University of Massachusetts Chan Medical School - Baystate Health Springfield, MA
Prakriti Ramamurthy, MBBS, MD1, Thanisha Santhosh, MBBS2, Shivalinga Shekar, MD, DrNB3, Raj Vigna. Venugopal, MBBS, DNB, DM3, Pranav Ramamurthy, MBBS, MD4, Advaith N. Rao, MBBS2, Rahul Ravindra, MBBS, MD5, Vinayak Bhat, 6 1University of Massachusetts Chan Medical School - Baystate Health, Springfield, MA; 2M S Ramaiah Medical College, Bangalore, Karnataka, India; 3Manipal Hospital, Bangalore, Karnataka, India; 4University of Massachusetts Chan Medical School-Baystate Medical Center, Springfield, MA; 5White River Medical Center, Batesville, AR; 6Henry M. Gunn Senior High School, Palo Alto, CA Introduction: Thrombotic microangiopathy (TMA) is a debilitating complication following renal transplantation, with an incidence rate reported to be between 0.8% and 14%. Isolated gastrointestinal (GI) involvement is a rarer subset, accounting for a mere 10% of these cases. This is a case of a renal transplant recipient who developed GI-limited TMA, which posed a significant diagnostic and therapeutic challenge.
Case Description/
Methods: A 28-year-old male with end-stage renal disease underwent a live-donor renal transplant in March 2015. 8 months later, he experienced acute antibody-mediated rejection that was managed with plasmapheresis and IV immunoglobulin, maintaining stable graft function for 8 years. In 2023, he presented with intermittent cramping abdominal pain and loose stools for one week. Empirical antibiotics were ineffective and initial infectious workup was negative. Persistent symptoms led to CMV PCR testing, revealing a viral load of 4 million copies. IV ganciclovir led to an initial clinical improvement. However, 2 weeks later, his creatinine increased significantly from baseline and a renal biopsy confirmed acute-on-chronic antibody-mediated rejection. Hemodialysis was initiated with subsequent improvement.

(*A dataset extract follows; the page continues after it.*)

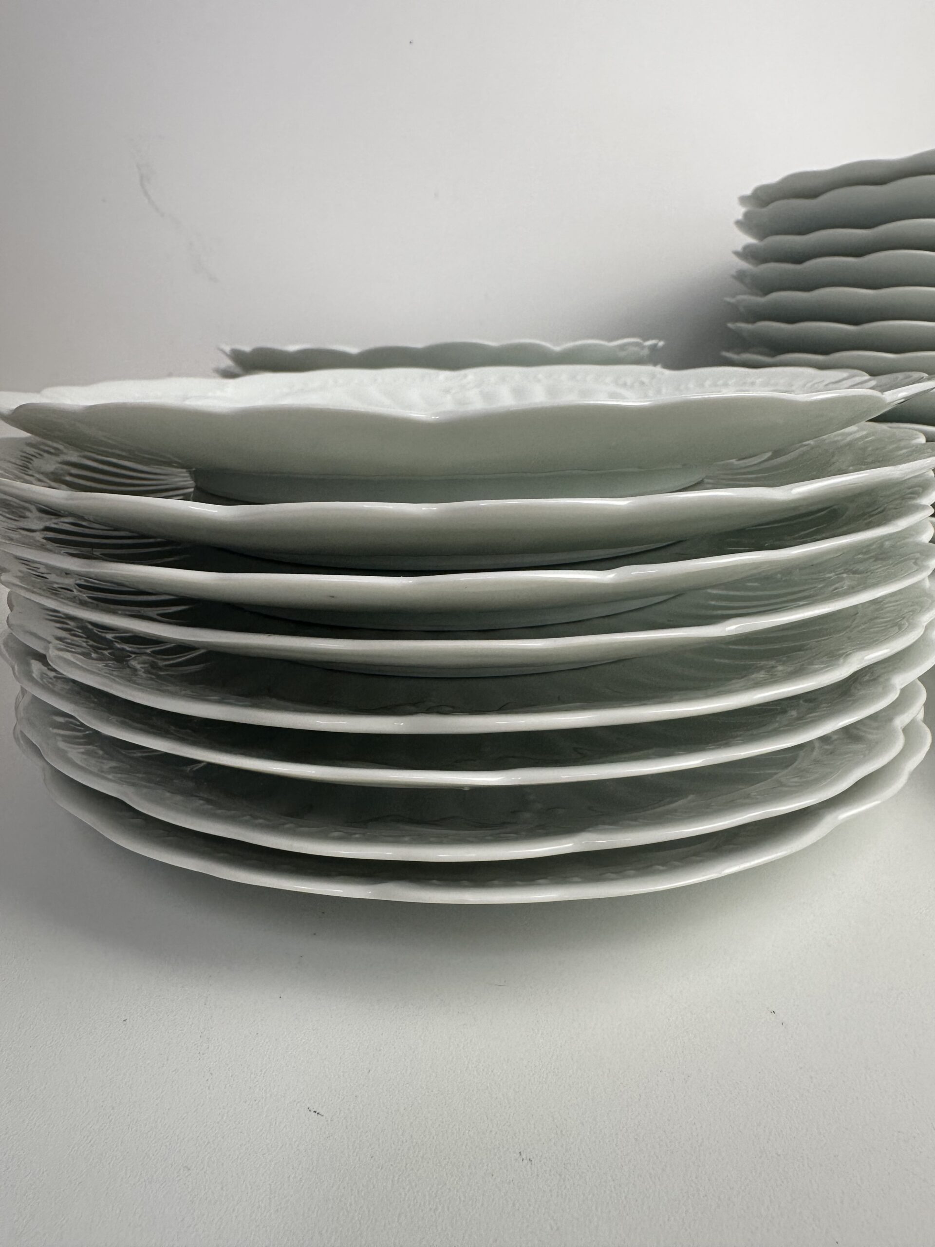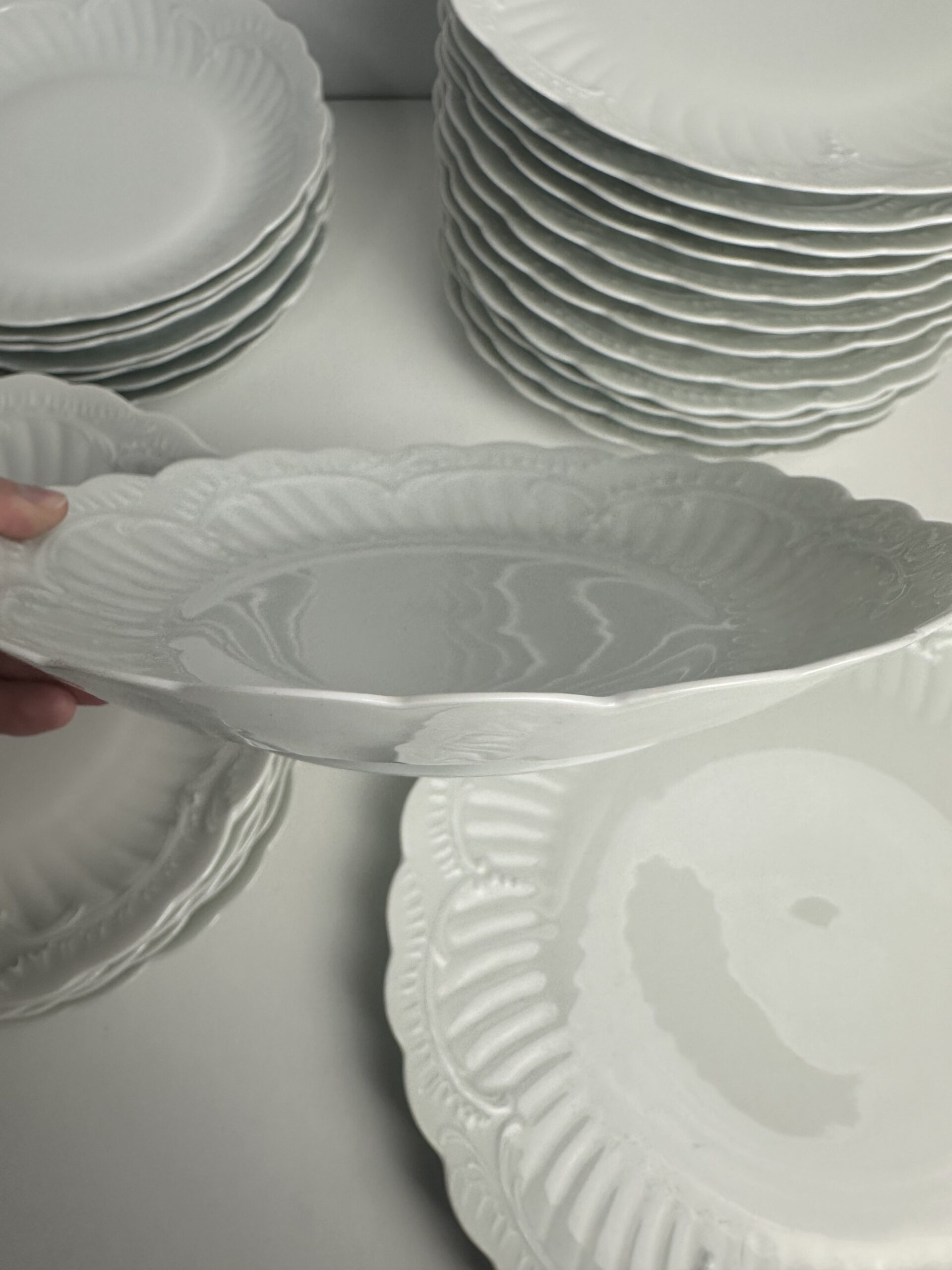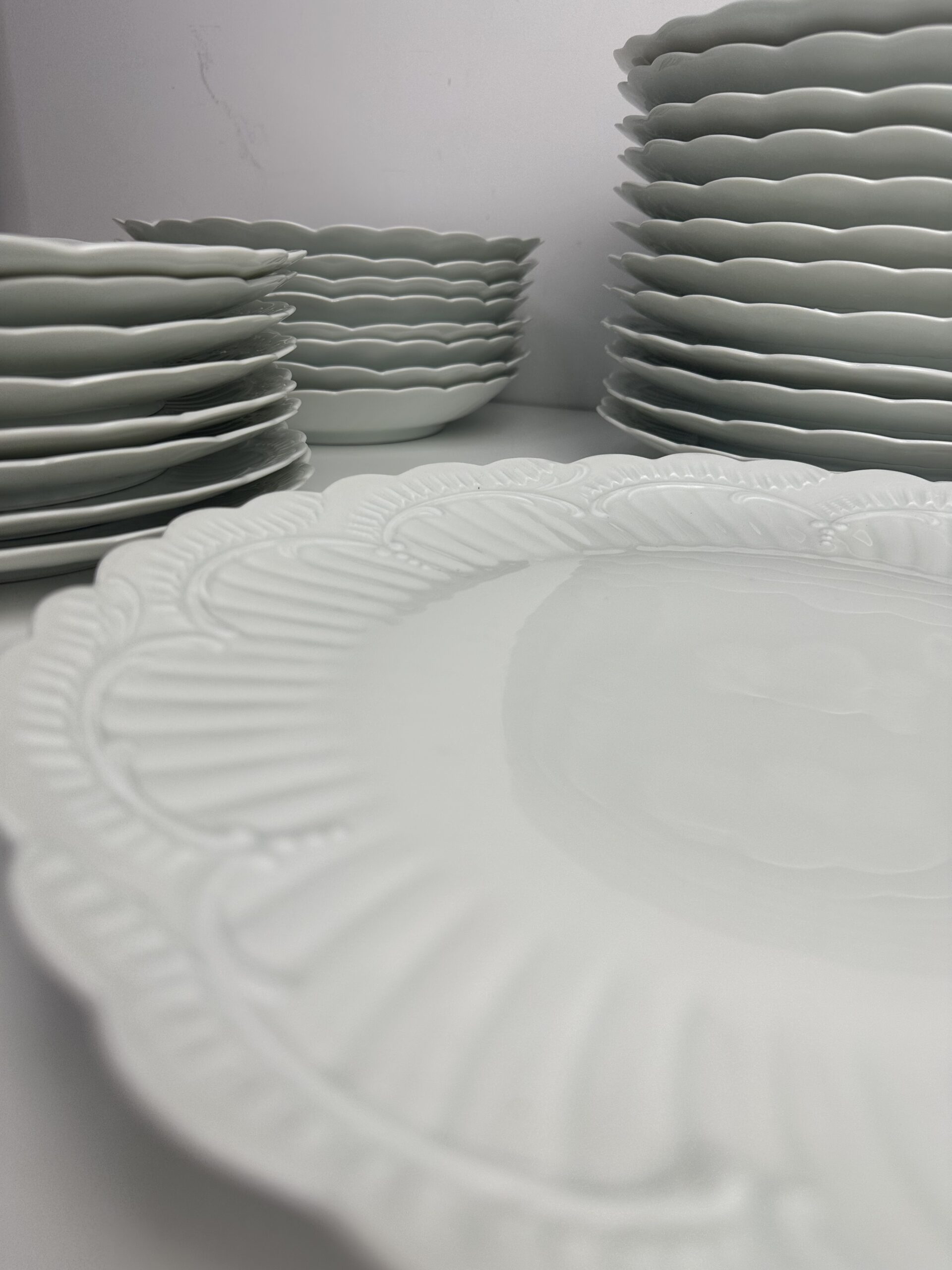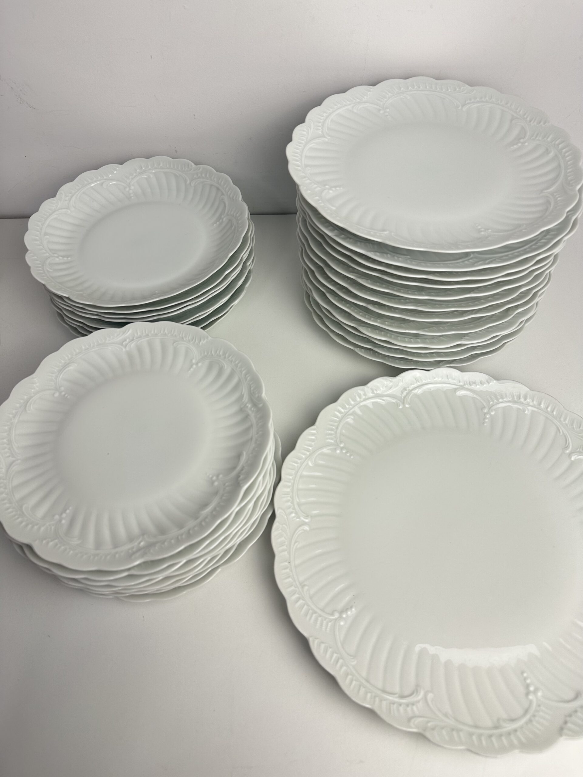IL s’agit d’un modèle très simpliste Limoges. Les pièces sont toutes en porcelaine blanches. On retrouve les mêmes motifs délicats et légèrement en reliefs, qui ressemble à des moulures. Les assiettes et le plat ont les bords festonnés.

1 week after discharge, he returned with persistent non-bloody diarrhea and cramps. MMF was stopped due to suspected drug-induced colitis, but symptoms persisted. Labs showed anemia, leukopenia, thrombocytopenia, elevated LDH, low haptoglobin and schistocytes, raising suspicion for TMA. Endoscopy revealed duodenal erythema and diffuse colonic congestion and biopsy confirmed GI TMA without CMV inclusions. The patient underwent 9 plasma exchange (PLEX) sessions with marked symptomatic improvement in GI symptoms. A repeat renal biopsy showed chronic rejection without presence of renal TMA. The patient became PLEX-dependent, Eculizumab was considered but not initiated due to financial constraints and the patient ultimately succumbed to multiorgan failure. Discussion: This case underscores the diagnostic complexity of GI TMA in renal transplant recipients. It often mimics other GI conditions such as infectious or drug-induced colitis, delaying accurate diagnosis. Maintaining a high index of suspicion for GI-limited TMA in transplant recipients presenting with unexplained gastrointestinal symptoms is important, especially in the context of hematologic abnormalities.